Access and Feeds

Enterprise IT: The Unexpected Costs of the Cloud

By Dick Weisinger

The cloud is great. Except when the cost to use it isn’t.

Understanding and controlling cloud costs can be extremely challenging, especially for businesses when first moving from on-premise to the cloud.

The cloud makes so many things easier to do. And it’s super flexible. But without careful planning, it becomes very easy to quickly burn through a lot of money when using the cloud. A lot of the mismatch of the actual cost with expected spending has to do with the improper sizing and tracking of cloud resources. Overprovisioning of resources is a common problem — ie., allocating and spinning up too many resources, or choosing resources that are more powerful than what is really needed. Or spinning up servers and forgetting to turn them off when they’re not in use.

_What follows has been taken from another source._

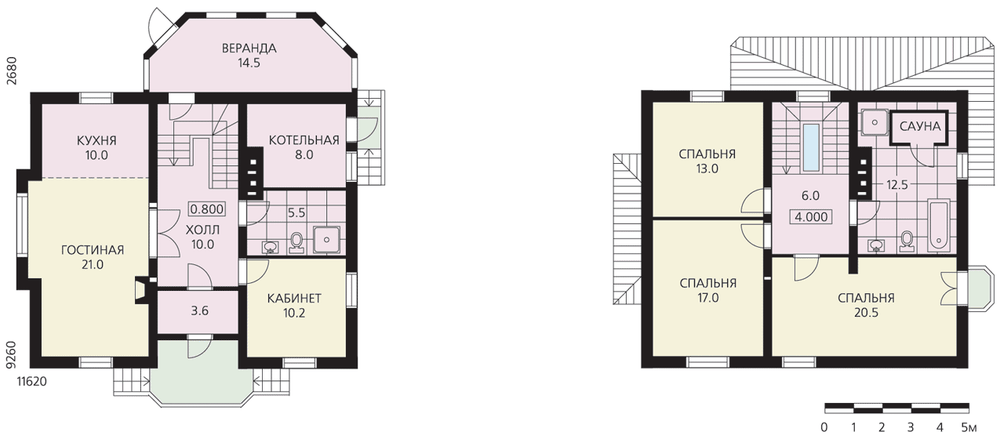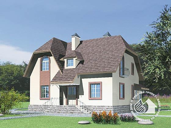 Гармоничность внешнего облика, небольшое пятно застройки при существенном выходе жилой площади – далеко не единственные достоинства этого дома. В основе сложного ярусного объема здания лежит простой прямоугольный план жилой части. Многогранный объем веранды – важный архитектурный акцент всей постройки. Просторный, хорошо освещенный центральный холл с симметрично расположенной лестницей – это распределительное ядро дома, из которого можно попасть во все его помещения. Парадная, c красивым эркером гостиная устроит самых взыскательных владельцев. Небольшие переделки позволят оборудовать вход в котельную непосредственно из дома.
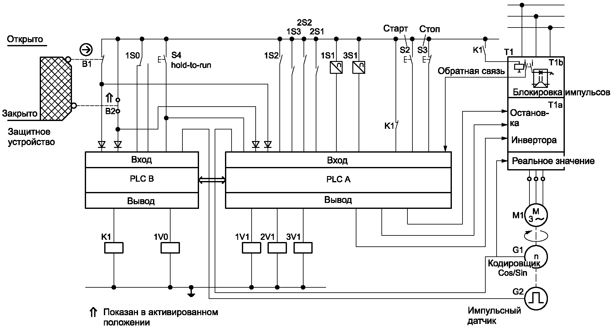 Самопроизвольное замыкание контактов при открытом ограждении (механические неисправности) | Неисправность распознается независимо и немедленно PLC A и PLC B в результате отсутствия соответствующего изменения сигнала в B1 | Электродвигатель M1 останавливается через T1a PLC A и через K1 и T1b PLC B, и повторный запуск предотвращается | Подайте статический высокий уровень на соответствующий вход обоих PLC, пока защита открыта | ||

Jennifer Hays, senior vice president at Fidelity Investments, told CIO that “the cloud model defies traditional business methods of controlling costs. In most traditional companies, you have silos between engineering, finance, and procurement, and they balance one another and control the budget. The cloud turns it completely on its head. Fundamentally, it is the different consumption models that complicate our reality. This decentralized model really changes all of the behaviors and processes established to control costs.”

Alex Woodie, the managing editor at Datanami, wrote that “don’t lay the blame for this situation on AWS, Microsoft Azure, or Google Cloud. It’s clearly not in the interests of those companies to figure out how to reduce what you spend with them. They are for-profit entities, at the end of the day. It’s not their fault that you can’t restrain your engineers from spinning up 1,000-node clusters with just a few clicks of a mouse and a 16-digit credit card. Besides, the problem spans multiple clouds.”

If it is any consolation, David Linthicum, chief cloud strategy officer at Deloitte, said that “using the public cloud was never about ops savings—at least, it never should have been. The core value of the cloud is and has always been, improved speed of change. Speed to change applications and data, as well as to build and remove core business systems.”